I discovered the divine gifts of womanhood that have been neglected. I began to read about womanhood, not only in the painful cries of Emily Bronte but in the soft worship of Tolkien. I began to feel my womanhood come to life. Years off of birth control and months without my IUD began to clear the deadened wasteland of my yoni. The poison was being sucked away, and I was determined to do it with my own lungs, teeth, and lips. I prayed for the day I could add fertilizer and seeds and begin rotating life, never taking too much from one area. But I gritted my teeth and focused on the next step. Saltwater leaked from the earth, the ocean welcoming it back from my fields, fresh rainwater nourishing my garden from the clear skies above.
I began to find worship in the fear, the pain, and the unknown. The muchness when she looked into my eyes the first time we spoke. In the acknowledgment of the discomfort she made me feel, and the soft acceptance and curiosity towards my avoidance of her for months afterward. In the sharp sting of jealousy when she would talk to others flirtatiously, which finally didn’t feel like something stolen but like something desired. In the visions of her laying next to me, of bringing her pleasure, of worshiping her.

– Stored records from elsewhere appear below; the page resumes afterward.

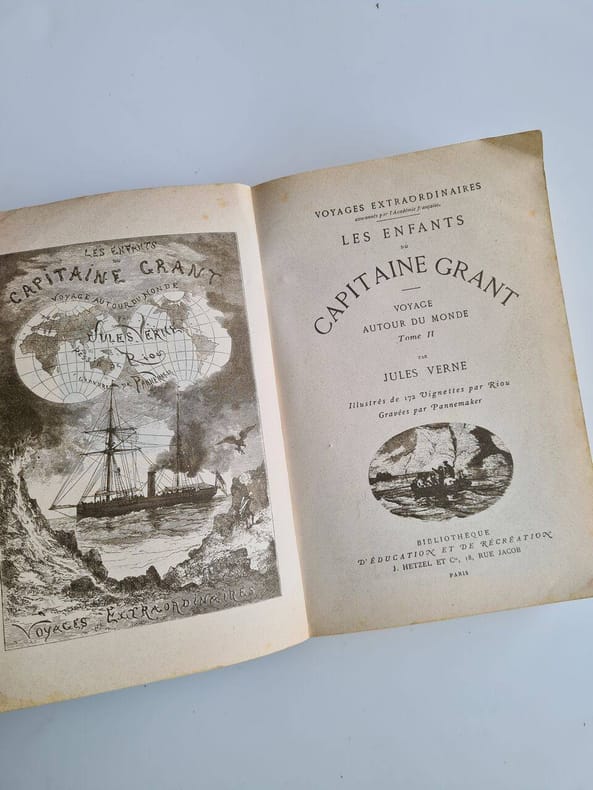 Nouvelle édition illustrée de 172 dessins par Riou, gravés par Pannemaker. Cartonnage d'éditeur dit "A la mappemonde" ou "Au dos à l'ancre", biseauté. Second plat de type Engel i. Très belle plaque supérieure aux ors particulièrement rutilants, signée Engel dans l'ancre. Traces sombres à gauche et à droite de la mappemonde. Beau dos avec les coiffes molles mais non affaissées, infimement passé ; ce dos porte la particularité de posséder une partie basse contrecollée, comme pour les premiers cartonnages à l'empiècement, on peut penser qu'il s'agit d'un des premiers dos à l'ancre, formé comme pour les premiers cartonnages au globe doré, d'un empiècement en partie basse ; cependant, ce cartonnage à la mappemonde n'en est pas à son coup d'essai, il a été dans cette version amincie (les premiers trop volumineux et lourds se déformaient) et le dos est plus harmonieux, perdant sa large bande rouge disgracieuse. Rappelons que ce cartonnage a bénéficié d'une courte vie et habillé seulement trois titre : Les enfants du capitaine Grant, L'île mystérieuse et Matthias Sandorf. Second plat parfait. Coins bien pointus, légèrement frottés. Un accroc sur la bordure intérieure du second plat sur 8mn. Tranches parfaites. Percaline luisante. Exemplaire très frais, totalement exempt de rousseurs. Magnifique exemplaire, très rare dans cette condition. Un des grands classiques de l'auteur, 2 enfants partent à la recherche de leur père naufragé. Le roman conduit le lecteur de l'Écosse à la Nouvelle-Zélande en passant par des îles Canaries, le Cap-Vert, le détroit de Magellan, la cordillère des Andes, la pampa argentine, le cap de Bonne-Espérance, l'île Amsterdam, et l'Australie. Rappelons que Les enfants du capitaine Grant forment une trilogie avec L'île mystérieuse puis 20000 lieues sous les mers, non une suite, mais bien une trilogie. - Photographies et détails sur www.Edition-Originale.com -
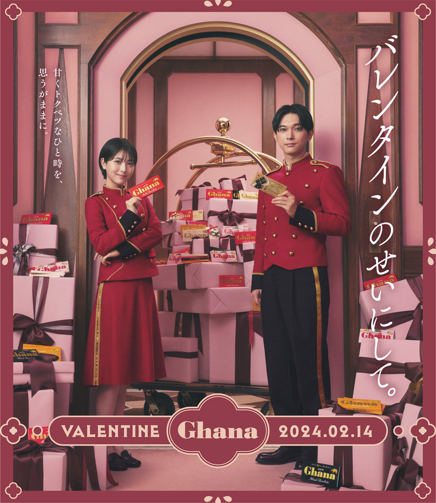 2020年からガーナCMキャラクターを務める2人が今回は優秀なホテリエを演じることとなり、赤地に金ボタンのついた制服を着用していることも見どころの1つ。株式会社ロッテのバレンタインシーズンに向けた企画『バレンタインのせいにして。』。シリーズ3年目の今年のテーマは『Ghana Valentine Hotel』。ガーナがバレンタインの時期だけにオープンする架空のホテルを舞台に、“バレンタインのせいにして”いろいろな過ごし方をしたい客が訪れ、優秀なホテリエの先輩の吉沢と後輩の浜辺がガーナと一緒に望みを叶えていくというストーリーで展開していくもの。
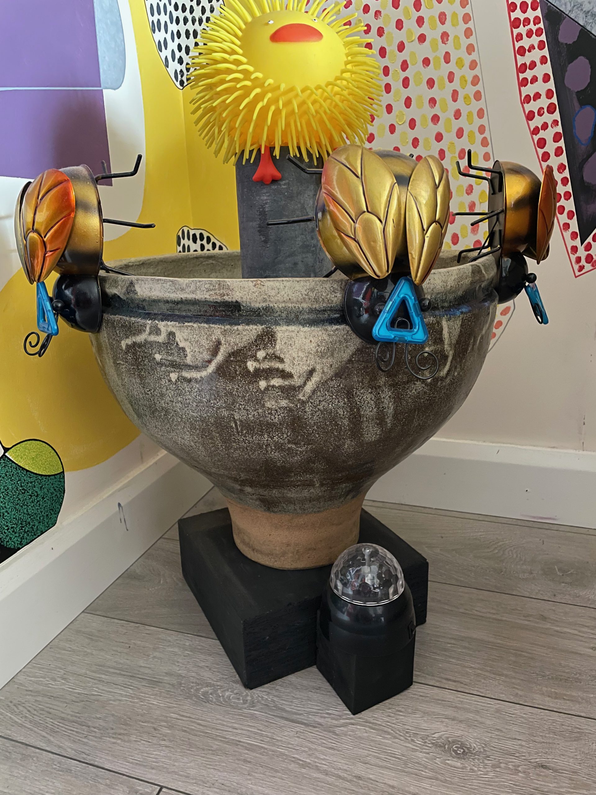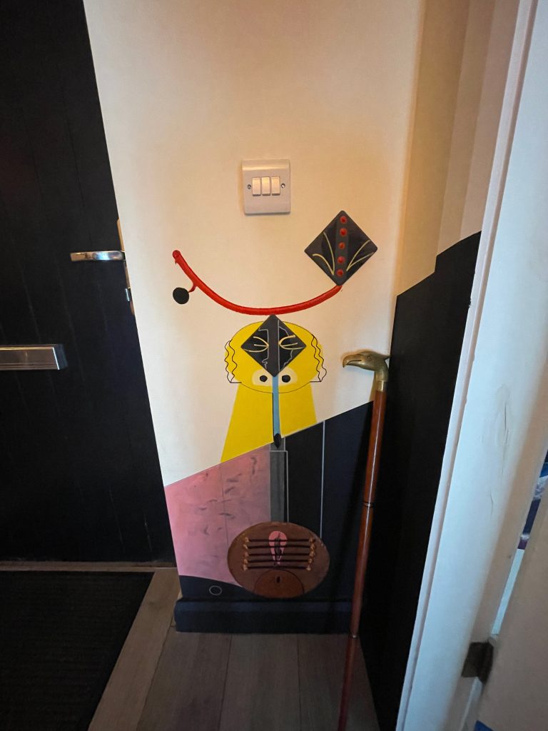 We move to the living room. This impressive pot sits in the corner, on a new plinth with colourful objects placed on top. All of the walls have drawings that are directly on the wall with vibrantly coloured sculptures positioned high and low. Each is a playful response to the one next to it and on it goes. A never-ending artwork. This living room is an enclosed space and is now complete.
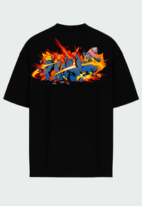 The PRISON® Nuclear Black T-Shirt delivers an even more intense visual impact, with a black base that reinforces the contrast of the exclusive, explosive-style artwork . The design features a nuclear missile piercing the PRISON® logo amidst flames and fragments, creating a strong graphic statement within streetwear.
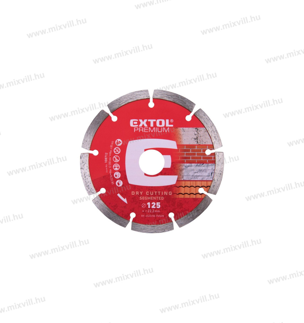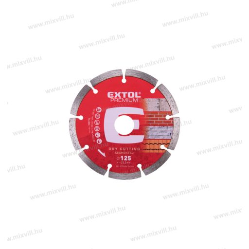 A gyémántvágó korongok nagy teljesítményű szerszámok melyek alkalmazásuk során nagy génybevételnek vannak kitéve. Az Extol Prémium gyémántvágó korongok megbízható, általános felhasználású vágószerszámok, melyek megfelelő biztonságot garantálnak Önnek a munkavégzés során A gyémántvágó korongot beton, tégla, cserép, téglafal, kő, gránit vágásra lehet használni. A megfelelő használatát a termék melletti tájékoztatóban olvashatja.
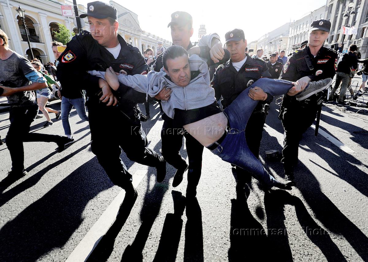 Несогласованная с местными властями акция "Общество требует справедливости" в поддержку корреспондента интернет-издания "Медуза" Ивана Голунова с целью привлечения общественного внимания к политическим репрессиям и фабрикации уголовных дел, прошла возле Гостиного двора. Сотрудники полиции во время задержания участника акции.
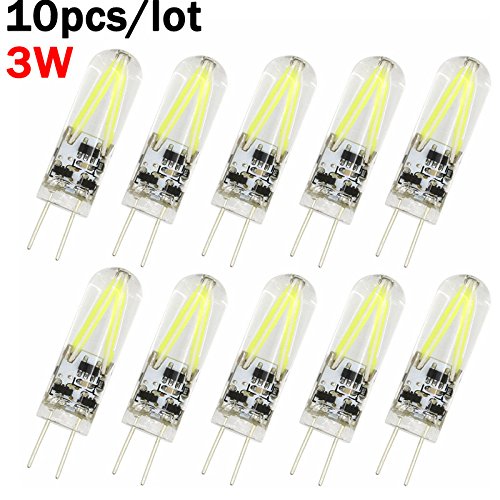 Pocketman 10 Pack 3W G4 LED Filament Bulb,Bi-pin Base 2xFilament COB dimmable LED Lamps dimmable,Equivalent to 20W Halogen Bulb,AC/DC 12V, Cool White

In the shame coursing through my body when we spoke about the boys I was dating. In the high I experienced when I surprised her, with her laugh and her shining eyes. In the wildness of sharing with her who I could be if I’d only let myself want.
I found myself in awe of her womanhood and the legacies held there. How she tied together timelines and legacies, pulling circles from straight lines and flooding the world with warmth. Pulling the universe forward and backward like the moon, pulling the tides inside me until I could handle the shifting sands. I trace my fingers across the curves of her body and feel the curve of the earth. I touch her core and I feel the soft, rich soil from which everything grows. I soften against her chest and feel life flooding into me. I look into her eyes and feel the wisdom of millions of women before us resting there. It feels as though she’s pulling everything out in front of me, displaying it, as though to say, gently, that I’ve had all the knowledge all along, built into my cells and my soul. I’ve had everything I’ve needed this entire time.

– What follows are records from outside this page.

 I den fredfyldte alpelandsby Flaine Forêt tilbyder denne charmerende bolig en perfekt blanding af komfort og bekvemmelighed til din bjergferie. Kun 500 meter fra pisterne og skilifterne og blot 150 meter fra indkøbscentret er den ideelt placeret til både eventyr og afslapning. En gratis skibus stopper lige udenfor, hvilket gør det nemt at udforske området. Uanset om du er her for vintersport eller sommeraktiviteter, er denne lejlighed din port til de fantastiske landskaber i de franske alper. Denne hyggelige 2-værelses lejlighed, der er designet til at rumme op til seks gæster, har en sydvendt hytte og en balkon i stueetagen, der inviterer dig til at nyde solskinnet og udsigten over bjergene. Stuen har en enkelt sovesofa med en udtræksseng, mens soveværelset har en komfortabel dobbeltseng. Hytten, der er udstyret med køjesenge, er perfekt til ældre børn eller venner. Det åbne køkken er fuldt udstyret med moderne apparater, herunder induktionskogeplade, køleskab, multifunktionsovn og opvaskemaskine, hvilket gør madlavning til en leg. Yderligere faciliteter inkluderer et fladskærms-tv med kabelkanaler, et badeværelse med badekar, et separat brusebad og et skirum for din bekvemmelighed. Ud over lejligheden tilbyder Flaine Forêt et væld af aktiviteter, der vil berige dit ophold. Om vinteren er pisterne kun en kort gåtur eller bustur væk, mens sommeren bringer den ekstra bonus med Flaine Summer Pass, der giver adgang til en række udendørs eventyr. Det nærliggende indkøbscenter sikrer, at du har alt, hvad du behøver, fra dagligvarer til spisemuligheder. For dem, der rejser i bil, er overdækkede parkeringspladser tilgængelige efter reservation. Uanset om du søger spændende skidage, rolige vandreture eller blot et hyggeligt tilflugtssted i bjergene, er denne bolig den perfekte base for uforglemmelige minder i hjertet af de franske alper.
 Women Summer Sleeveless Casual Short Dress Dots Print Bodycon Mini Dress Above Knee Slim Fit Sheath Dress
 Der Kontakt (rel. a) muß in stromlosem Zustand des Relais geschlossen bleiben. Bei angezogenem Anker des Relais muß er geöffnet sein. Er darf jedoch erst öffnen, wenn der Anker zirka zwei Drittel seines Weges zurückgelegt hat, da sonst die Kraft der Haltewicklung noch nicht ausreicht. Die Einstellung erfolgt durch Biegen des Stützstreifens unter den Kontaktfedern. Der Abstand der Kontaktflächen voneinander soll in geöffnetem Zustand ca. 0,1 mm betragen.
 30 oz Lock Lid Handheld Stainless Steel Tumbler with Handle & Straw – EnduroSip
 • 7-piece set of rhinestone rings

I didn’t realize that to worship and love and please a woman was to do the same to yourself. It’s difficult to look at another woman and see her brilliance and completeness, to begin to fall in love with her, and then to deny your worthiness on principle.

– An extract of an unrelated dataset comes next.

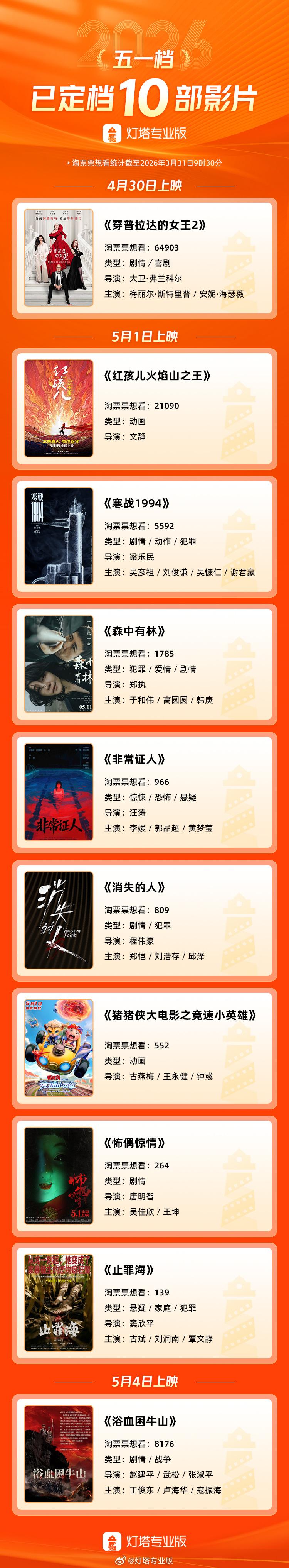 【10部影片定档2026五一档】 春节档已经黄了,五一档还会红吗? 媒体报道,《穿普拉达的女王2》《红孩儿火焰山之王》《寒战1994》等10部电影激战五一档。 书乐想说: 大家为啥不去看电影了? 一来好看的不多。 二来看好的不多。 三来口袋钱不多。
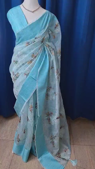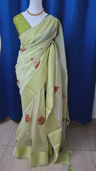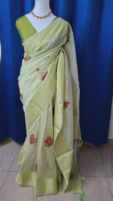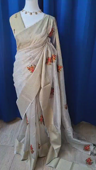 The lightweight fabric carries a subtle textured weave, giving the saree a refined, handcrafted feel. Delicate floral embroidery motifs in warm tones of red, pink, and green are scattered across the body, adding gentle pops of colour while preserving the saree’s calm, neutral palette. A simple jute weave border in a slightly deeper beige frames the saree beautifully, enhancing its natural aesthetic. The pallu is finished with small tassel details, lending a charming traditional touch to the overall design.

While I’ve been struck by the shock of understanding myself more, I’m still shaking from the aftermath. There is an existing deep well of knowledge about myself, and I’ve barely dipped in a toe. I’m just beginning to understand how scary life is for me, and beginning to soften into safety and peace.
It feels like to fall in love with women is to fall in love with yourself, your maker, and your sacred connection to the universe. Going forward, I shall do my best to chronicle my efforts to humble myself before all of these three. I hope you find value in these stories.